= What is needed =
Only the text should come through, so restate the listing exactly and drop its images.

---------- Source data ----------

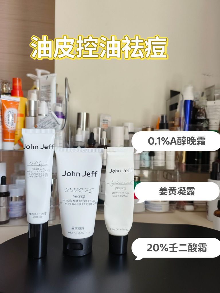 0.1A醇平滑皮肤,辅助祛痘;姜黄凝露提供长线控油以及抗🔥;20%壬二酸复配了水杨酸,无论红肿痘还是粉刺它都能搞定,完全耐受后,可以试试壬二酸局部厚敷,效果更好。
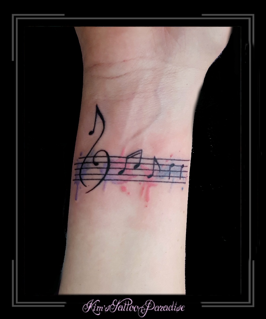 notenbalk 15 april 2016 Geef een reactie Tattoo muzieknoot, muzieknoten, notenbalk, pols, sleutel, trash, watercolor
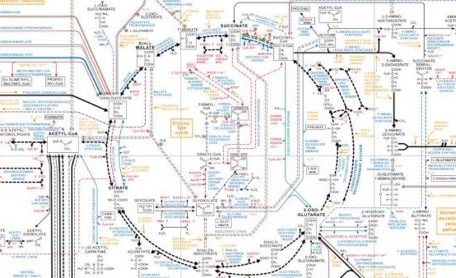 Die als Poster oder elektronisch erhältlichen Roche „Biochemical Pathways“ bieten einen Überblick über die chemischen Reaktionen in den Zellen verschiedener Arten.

----------

= Task solution =
 0.1A醇平滑皮肤,辅助祛痘;姜黄凝露提供长线控油以及抗🔥;20%壬二酸复配了水杨酸,无论红肿痘还是粉刺它都能搞定,完全耐受后,可以试试壬二酸局部厚敷,效果更好。
 notenbalk 15 april 2016 Geef een reactie Tattoo muzieknoot, muzieknoten, notenbalk, pols, sleutel, trash, watercolor
 Die als Poster oder elektronisch erhältlichen Roche „Biochemical Pathways“ bieten einen Überblick über die chemischen Reaktionen in den Zellen verschiedener Arten.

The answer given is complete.